▶ TASK DESCRIPTION
Return the listing that follows exactly, with no pictures included.
--
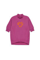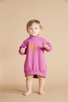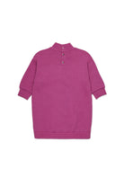 High-necked, long-sleeved maxi sweatshirt dress. The oval shape, emphasized by the elastic at the bottom, creates a voluminous and enveloping effect. Perfect for a casual outfit with a unique character.
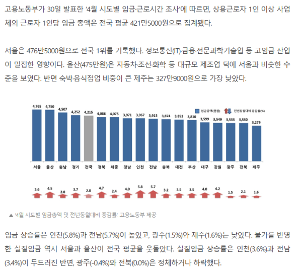 평균 월급 500만원 근접해가는 서울 ㄷㄷ
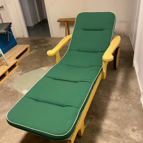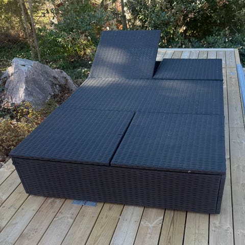 Två solstolar i konstrotting med gråa dynor. Ryggstöden är ställbara.
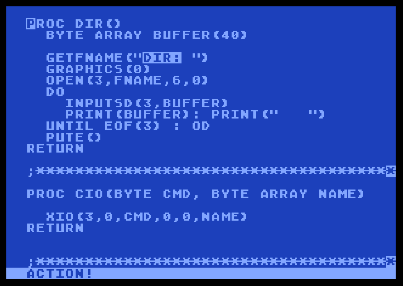 Action! is significant for its high performance, which allows games and graphics demos to be written in a high-level language without use of hand-written assembly language code. Action! language constructs were designed to map cleanly to 6502 opcodes.
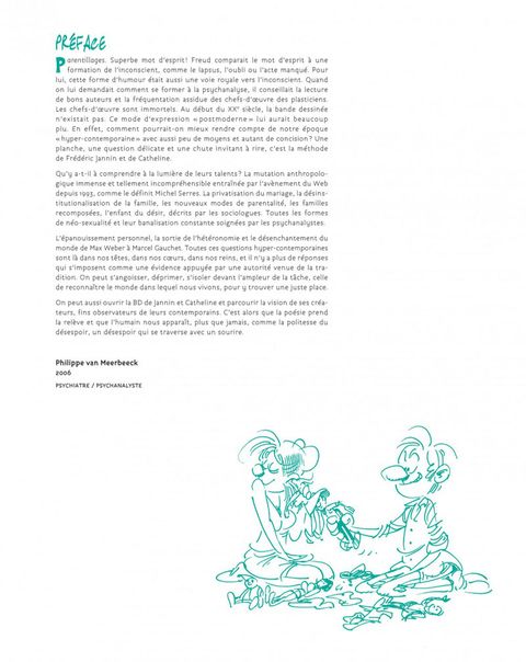 Une suite cocasse de portraits de familles souvent recomposées dans lesquels tous les trentenaires et quarantenaires, tout comme leurs enfants, se reconnaîtront. La génération de « Germain et Nous... » observée vingt après par le regard gentiment caustique de Frédéric Jannin.
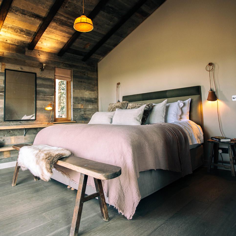 A lot of thought has gone into the interior design with Lou Davies of Box 9 Studios taking charge of the interiors. Vintage and antique furniture sits alongside locally sourced materials, all chosen with sustainability, provenance and durability in mind. The interior design celebrates natural beauty with vintage linens, sheepskins, woollen blankets and antique rugs in earthy forest tones.
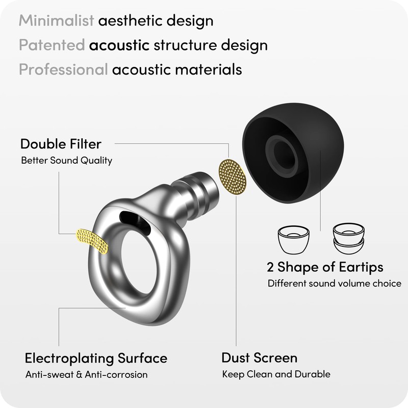 - Professional Design - Audree Style applies innovative and patented attenuation filters material inside the square ring. It provides the most natural and high-fidelity sound with noise reduced evenly. All the ear tips are made from food-grade silicone, which are skin-friendly for whole-day wearing.
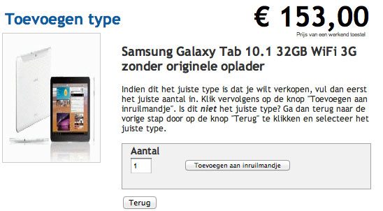 Voor het verkopen van je oude tablet ga je dus naar deze pagina, kies je de juiste tablet, stuur je de tablet op en krijg je een waardebon toegestuurd.
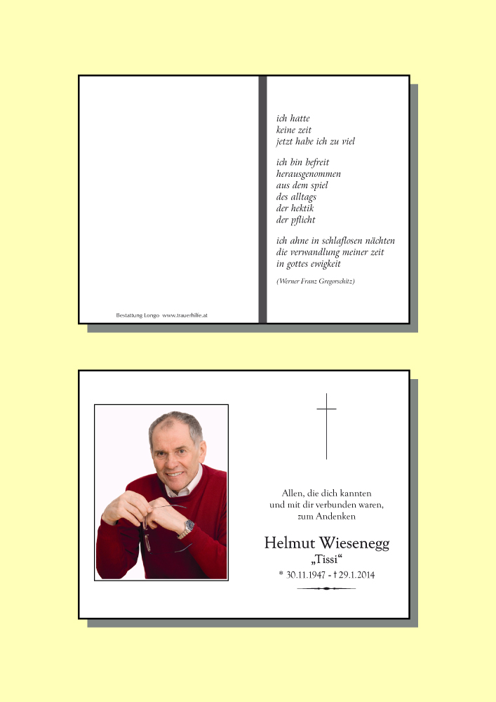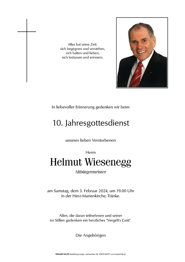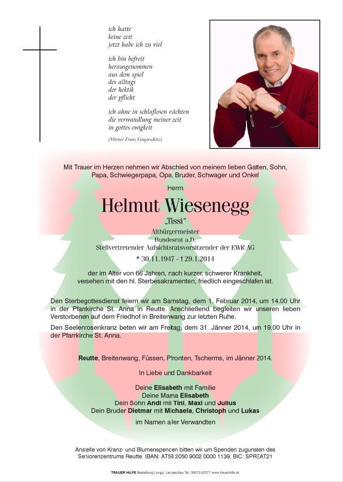 Mit großer Betroffenheit habe ich vom Ableben meines Freundes Helmut Wiesenegg erfahren. Allen seinen Angehörigen möchte ich aufrichtige Anteilnahme aussprechen. Ich werde ihn ímmer in Erinnerung behalten.
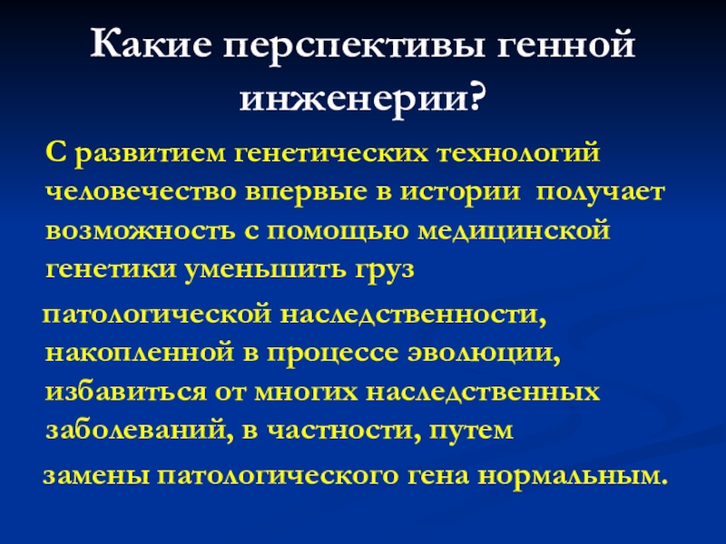 патологической наследственности, накопленной в процессе эволюции, избавиться от многих наследственных заболеваний, в частности, путем
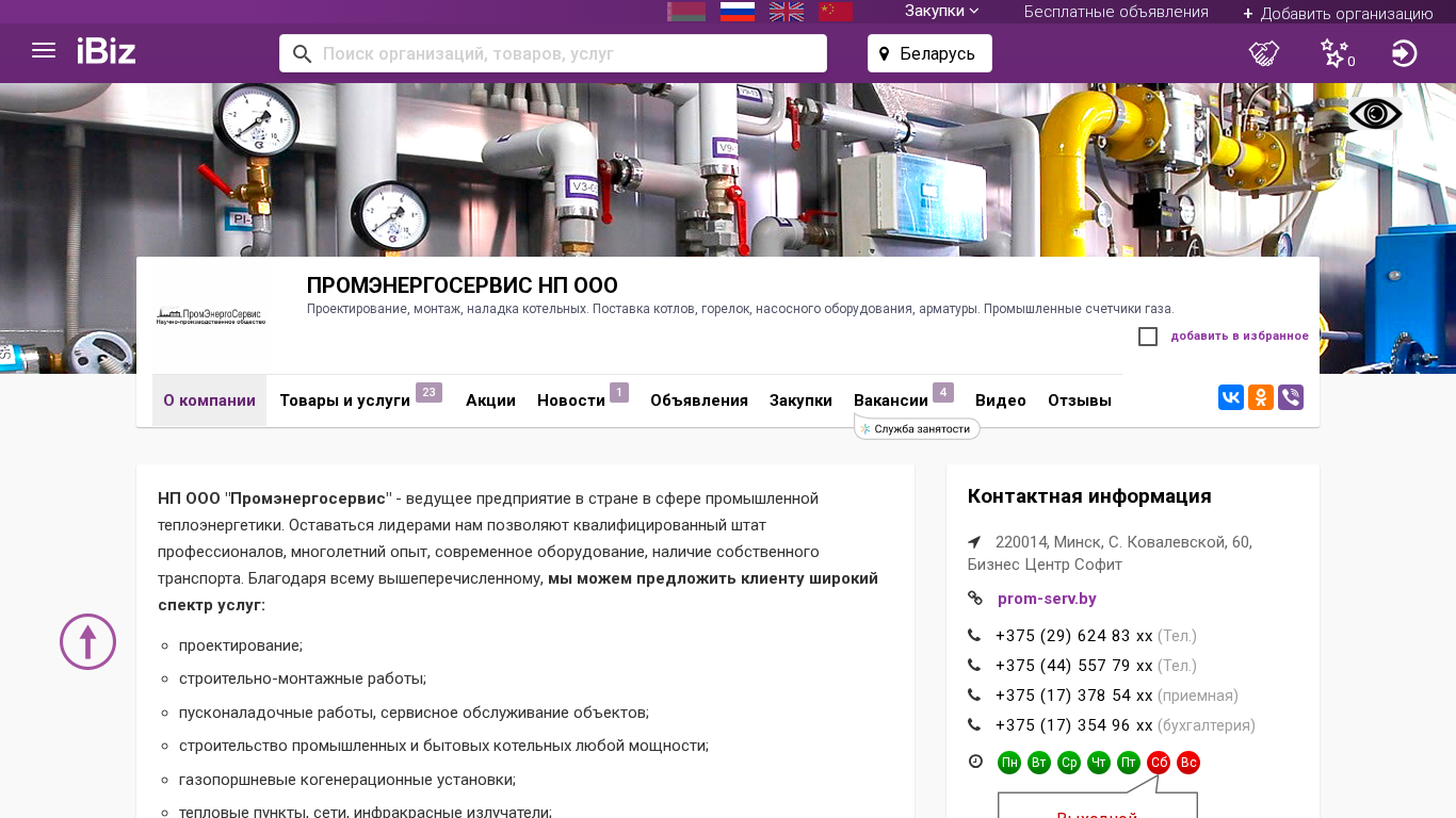 | Название / Заголовок | ПРОМЭНЕРГОСЕРВИС НП ООО - Проектирование, монтаж, наладка котельных. Поставка котлов, горелок, насосного оборудования, арматуры. Промышленные счетчики газа.. 220014, Минск, , С. Ковалевской, 60, Бизнес Центр Софит |
--
▶ EXERCISE RESULT
 High-necked, long-sleeved maxi sweatshirt dress. The oval shape, emphasized by the elastic at the bottom, creates a voluminous and enveloping effect. Perfect for a casual outfit with a unique character.
 평균 월급 500만원 근접해가는 서울 ㄷㄷ
 Två solstolar i konstrotting med gråa dynor. Ryggstöden är ställbara.
 Action! is significant for its high performance, which allows games and graphics demos to be written in a high-level language without use of hand-written assembly language code. Action! language constructs were designed to map cleanly to 6502 opcodes.
 Une suite cocasse de portraits de familles souvent recomposées dans lesquels tous les trentenaires et quarantenaires, tout comme leurs enfants, se reconnaîtront. La génération de « Germain et Nous... » observée vingt après par le regard gentiment caustique de Frédéric Jannin.
 A lot of thought has gone into the interior design with Lou Davies of Box 9 Studios taking charge of the interiors. Vintage and antique furniture sits alongside locally sourced materials, all chosen with sustainability, provenance and durability in mind. The interior design celebrates natural beauty with vintage linens, sheepskins, woollen blankets and antique rugs in earthy forest tones.
 - Professional Design - Audree Style applies innovative and patented attenuation filters material inside the square ring. It provides the most natural and high-fidelity sound with noise reduced evenly. All the ear tips are made from food-grade silicone, which are skin-friendly for whole-day wearing.
 Voor het verkopen van je oude tablet ga je dus naar deze pagina, kies je de juiste tablet, stuur je de tablet op en krijg je een waardebon toegestuurd.
 Mit großer Betroffenheit habe ich vom Ableben meines Freundes Helmut Wiesenegg erfahren. Allen seinen Angehörigen möchte ich aufrichtige Anteilnahme aussprechen. Ich werde ihn ímmer in Erinnerung behalten.
 патологической наследственности, накопленной в процессе эволюции, избавиться от многих наследственных заболеваний, в частности, путем
 | Название / Заголовок | ПРОМЭНЕРГОСЕРВИС НП ООО - Проектирование, монтаж, наладка котельных. Поставка котлов, горелок, насосного оборудования, арматуры. Промышленные счетчики газа.. 220014, Минск, , С. Ковалевской, 60, Бизнес Центр Софит |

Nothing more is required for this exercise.